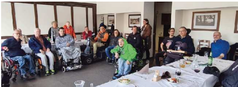
Članice in člani, ki živijo v južnem predelu Ljubljane.

Za utrjevanje boljših vezi pa poverjeniki enkrat letno s svojimi člani pripravijo družabno srečanje, na katerem si v sproščeni pogovoru izmenjajo koristne izkušnje. Predvsem
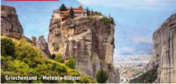
Griechenland – Meteora-Klöster
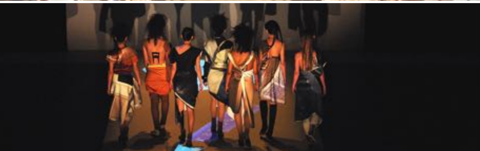
K & K / MODENSCHAU : HGKZ BASEL Konzept, Idee, Inszenierung by Sanja Ristic
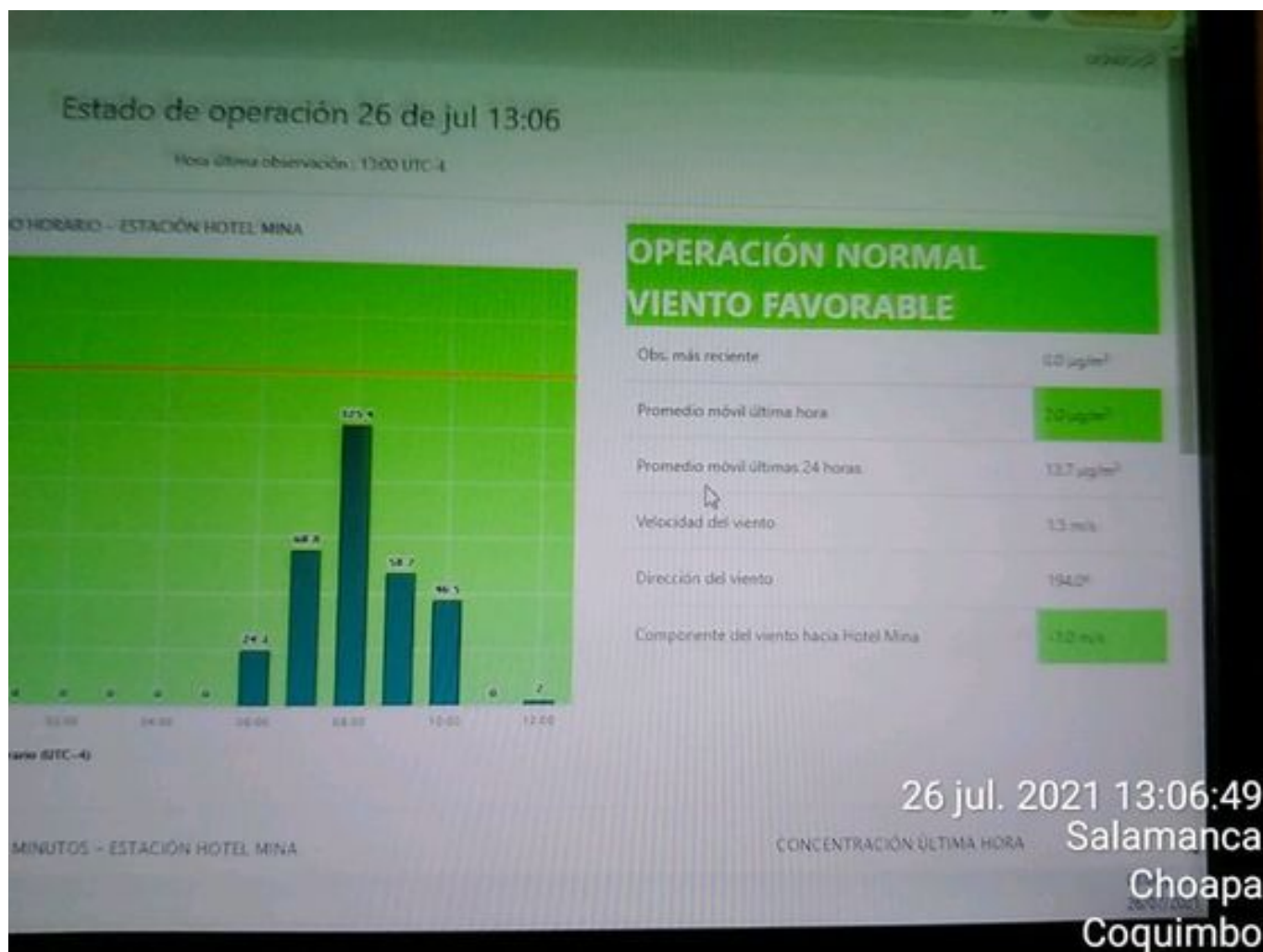
Foto 43: Medida: Paralización de equipos de carguío. Lugar: Medida Adicional. Comentarios: No se presenta alerta por lo tanto se realiza operación normal.
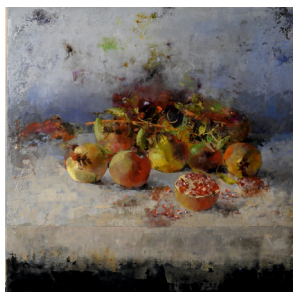
Mesa con granadas Ángel Pintado
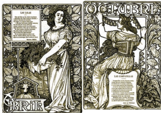
Blanco y Negro. 1899
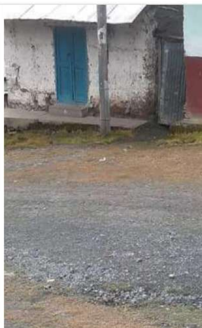
Estructuras en el AMT A4509, requieren su mejoramiento, por cumplir vida útil o incumplimiento de DMS

Los alcances no son limitativos, si durante el diagnóstico de la unidad productora, El Consultor identifica mayores deficiencias, deberá incluirlas en la alternativa de solución que plantee; sin perjuicio a lo indicado, en el estudio se debe considerar aproximadamente lo siguiente para los proyectos que involucran los alimentadores:
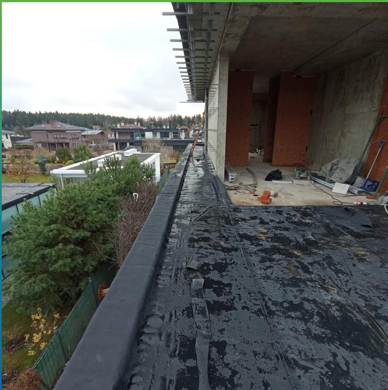
Устройство парапетов и примыканий клеевым методом, клей-адгезив Преласты П400
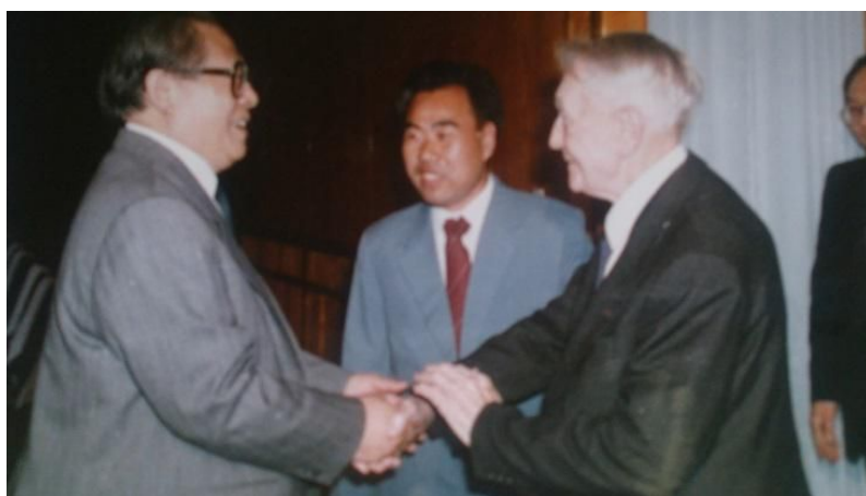
上图为江泽民同志在中南海接见弗朗克

我1991年去驻外使馆工作。因此，弗朗克1992年访华时，我未能再次陪同这位老朋友。这位老朋友已驾鹤西归多年，但是我和他相处的情景依然历历在目。一想起来，他当年的形象立刻浮现在我眼前。
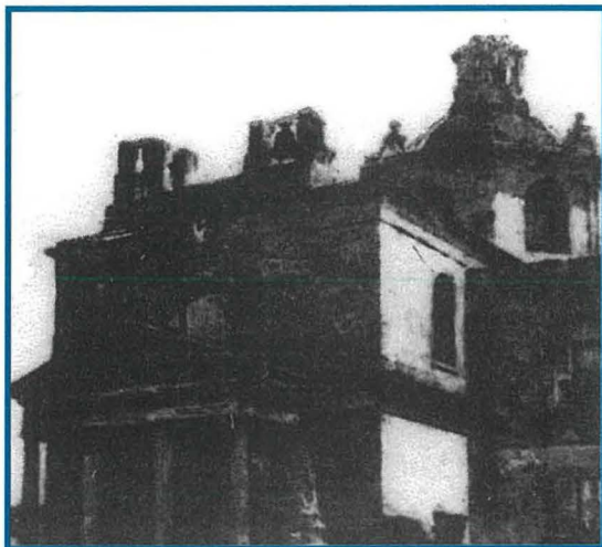
Knjsja ta' Stella Maris – il-façċata l-antika 1878
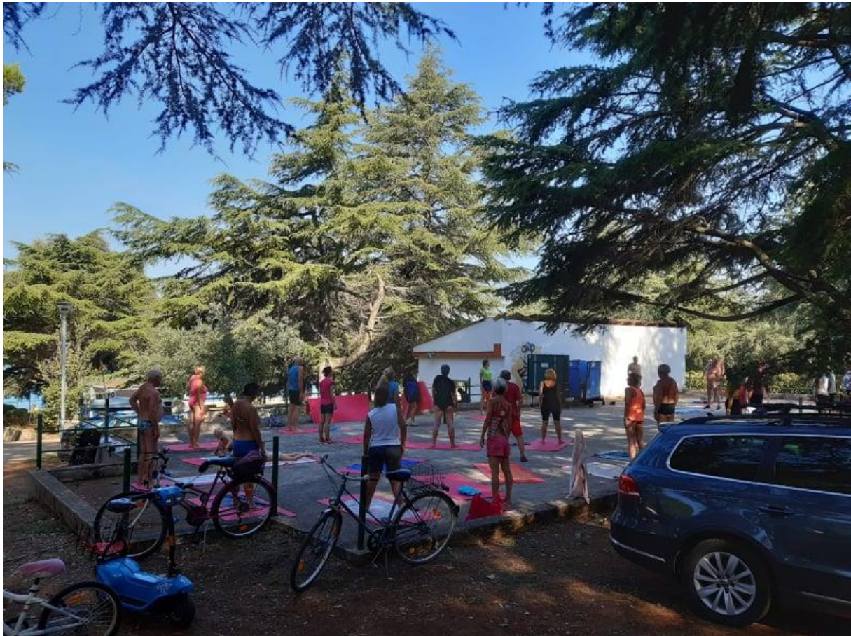
Fotografija 4: Jutarnja gimnastika

Prve sportske aktivnosti koje uobičajeno započinju od 9 sati ujutro jesu jutarnja gimnastika, joga, breath & care, body relax, pilates i slično. Zajednička karakteristika svih ovih aktivnosti je lagano i opušteno vježbanja. Cilj jutarnjih vježbi je buđenje tijela ujutro(s vremenom tijelo se navikne na jutarnje tjelovježbe te se ljudi osjećaju mnogo bolje, kada jutro započne zdravo i produktivno), postizanje dobro raspoloženja koje će trajati tokom cijelog dana, poboljšanju tjelesne aktivnosti. Za vrijeme aktivnosti puštaju se relaksirajuće pjesme koje pomažu kod opuštanja i postižu zadovoljstvo turista i nakon treninga.
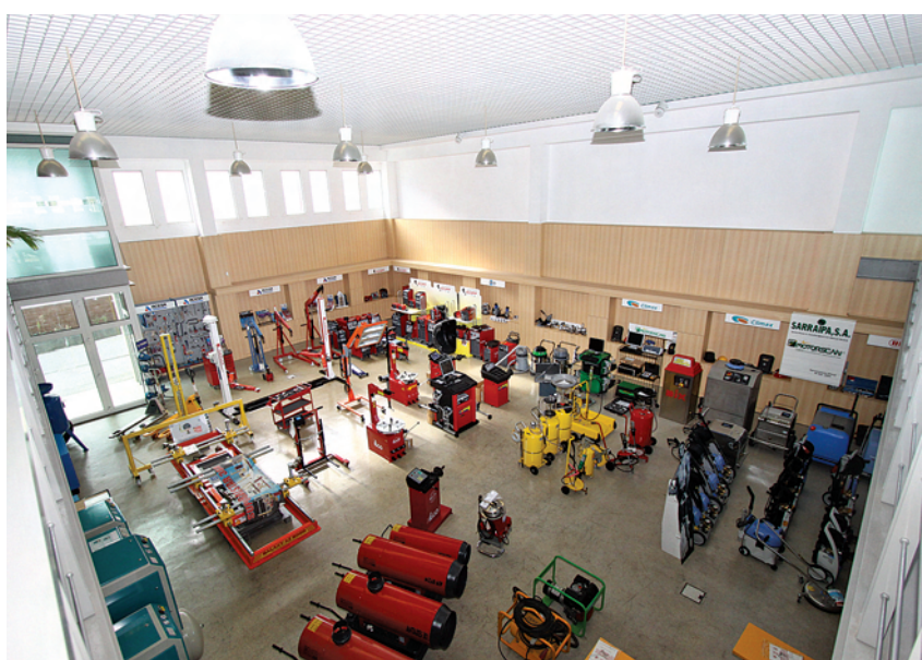
A Sarraipa possui um enorme espaço de exposição dos seus equipamentos para o sector automóvel, para além...
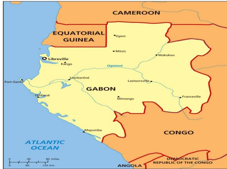
Harita I: Gabon Cumhuriyeti ve İdari Bölgeleri

Atlas Okyanusu kıyılarından içe doğru Kongo Havzası'na kadar uzanan bir bölgede yer alan Gabon, 267.667 km 2 'lik bir yüzölçümüne sahiptir. Ülke önemli nehlere sahip olmakla birlikte, en önemli nehri Ogowe'dir. Ülkenin başkenti ise Fransızca'da özgür şehir anlamına gelen Libreville olup, nüfusun çoğunluğu burada toplanmıştır. Afrika'nın en az nüfusa sahip ülkelerinden biri olan Gabon, 2021 tahminlerine göre 2 milyon 284 bin 914 civarında bir nüfusa sahip. Dahası, 9 il ve bu illere bağlı 37 ilçeden oluşan Gabon, harita I'de görüldüğü gibidir (The World Factbook 2021).

=-=-=-=-=

* [Work to complete] Skipping the pictures, print the lines in the listing above exactly as written, starting at the line with "Griechenland – Meteora-Klöster" and ending at the line with "上图为江泽民同志在中南海接见弗朗克", both included.

* [Answer to the problem]
Griechenland – Meteora-Klöster
K & K / MODENSCHAU : HGKZ BASEL Konzept, Idee, Inszenierung by Sanja Ristic
Foto 43: Medida: Paralización de equipos de carguío. Lugar: Medida Adicional. Comentarios: No se presenta alerta por lo tanto se realiza operación normal.
Mesa con granadas Ángel Pintado
Blanco y Negro. 1899
Estructuras en el AMT A4509, requieren su mejoramiento, por cumplir vida útil o incumplimiento de DMS

Los alcances no son limitativos, si durante el diagnóstico de la unidad productora, El Consultor identifica mayores deficiencias, deberá incluirlas en la alternativa de solución que plantee; sin perjuicio a lo indicado, en el estudio se debe considerar aproximadamente lo siguiente para los proyectos que involucran los alimentadores:
Устройство парапетов и примыканий клеевым методом, клей-адгезив Преласты П400
上图为江泽民同志在中南海接见弗朗克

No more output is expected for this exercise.